Pressure distribution in unsteady sink and source flows

Basic flow generated in a viscous incompressible fluid by a “point” sink (source) of mass is revised. In practice, such flow can be modeled by sucking (pushing) fluid from a thin tube with a small porous sphere at one end. Intuitively, by sucking (pushing) fluid, one creates low (high) pressure near the origin and a positive (negative) radial pressure gradient drives the fluid to (from) the origin. A simple analysis, however, shows that the pressure distribution for both steady flows is the same. Then a question arises: How does the fluid “know” in what direction to flow? To explain this “paradox” an unsteady flow is considered and the pressure terms responsible for the flow direction are derived.

Figure 1

The three terms of the pressure distribution (11) generated by a point impulsively started source with $Q\left(t\right)=Q_{0}H\left(t\right)$. The case of the source, $Q_0=-5\mathrm{c}{\mathrm{m}}^3{\mathrm{s}}^{-1}$, is shown in (a), and the case of the sink, $Q_0=-5\mathrm{c}{\mathrm{m}}^3{\mathrm{s}}^{-2}$, is shown in (b).
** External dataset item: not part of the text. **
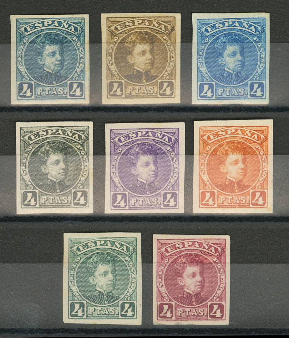 (★) 254P(8). 1901. Conjunto de ocho ENSAYOS DE COLOR y SIN DENTAR, sobre papel ordinario del 4 pts. MAGNIFICOS Y RARISIMOS. (Gálvez 1680/87)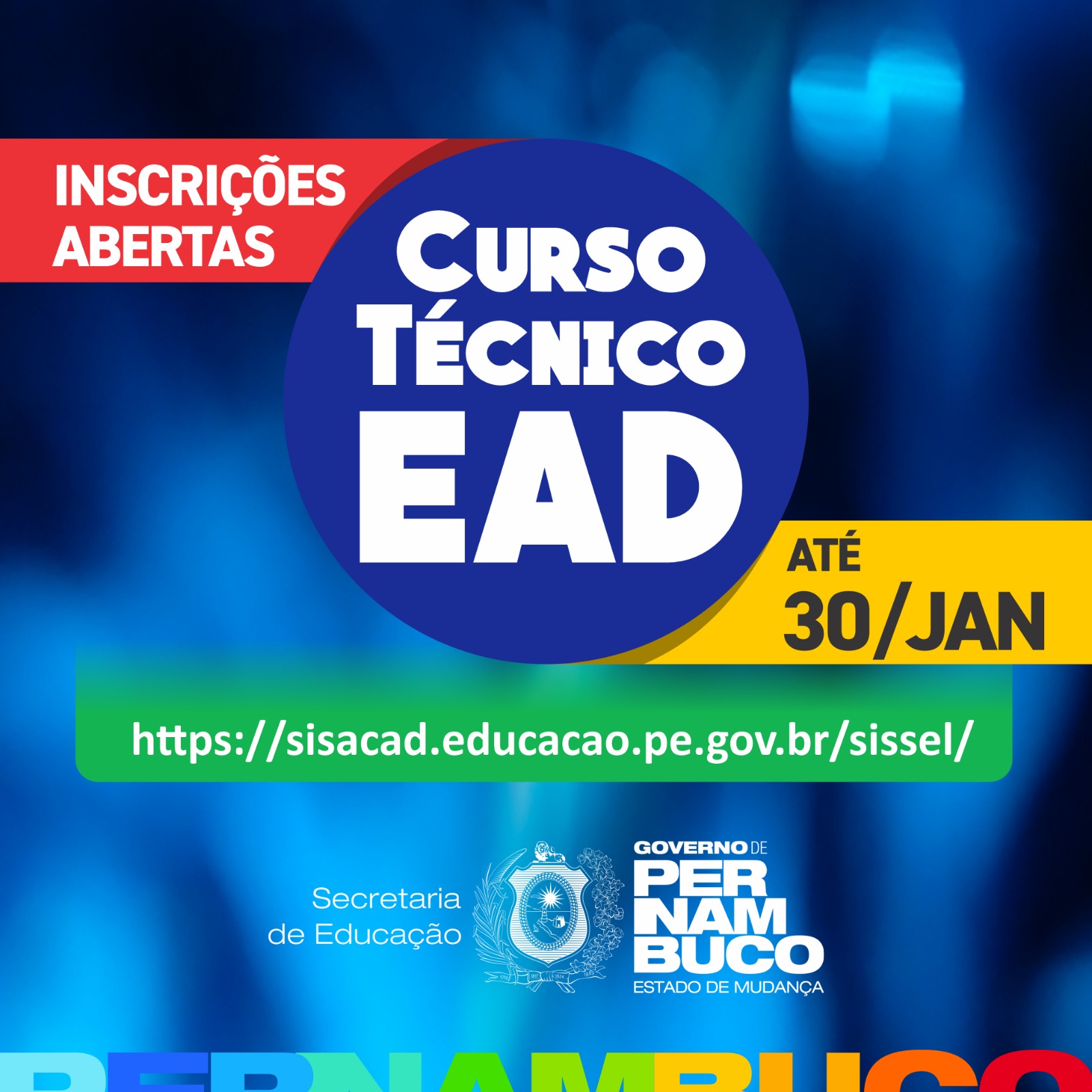 A Secretaria de Educação do Estado de Pernambuco abriu, nesta segunda-feira (20), as inscrições para os cursos técnicos de nível médio na modalidade Educação a Distância (EAD) semipresencial. São ofertadas 11.456 vagas em 11 cursos técnicos distribuídos em todas as regiões do estado. Os interessados devem se inscrever até o dia 30 de janeiro, exclusivamente pelo site https://sisacad.educacao.pe.gov.br/sissel/.

The pressure singularities at the origin are shown schematically by the vertical lines.

Figure 2

The three terms of the pressure distribution (12) generated by a point source whose intensity increases with time as $Q\left(t\right)=q_{0}t$. The case of the source, $q_0=5\mathrm{c}{\mathrm{m}}^3{\mathrm{s}}^{-2}$, is shown in (a), and the case of the sink, $q_0=-5\mathrm{c}{\mathrm{m}}^3{\mathrm{s}}^{-2}$, is shown in (b). The signs of the first two terms (shown by solid lines) depend on the sign of $q_0$ and determine the flow direction. The third term does not depend on the flow direction; it grows with time as $\sim t^2$ and is shown by the dotted line for $t=0.1\mathrm{s}$ and by the dashed line for $t=1\mathrm{s}$.

Figure 3

The estimated time evolution of the mean pressure on the small, radius $R$, porous sphere of the experimental apparatus mentioned in the Introduction. In this example $R=0.1\mathrm{cm}, Q\left(t\right)=q_{0}t$, and $q_0=\pm 5\mathrm{c}{\mathrm{m}}^3{\mathrm{s}}^{-2}$. Solid line – source, dashed line – sink.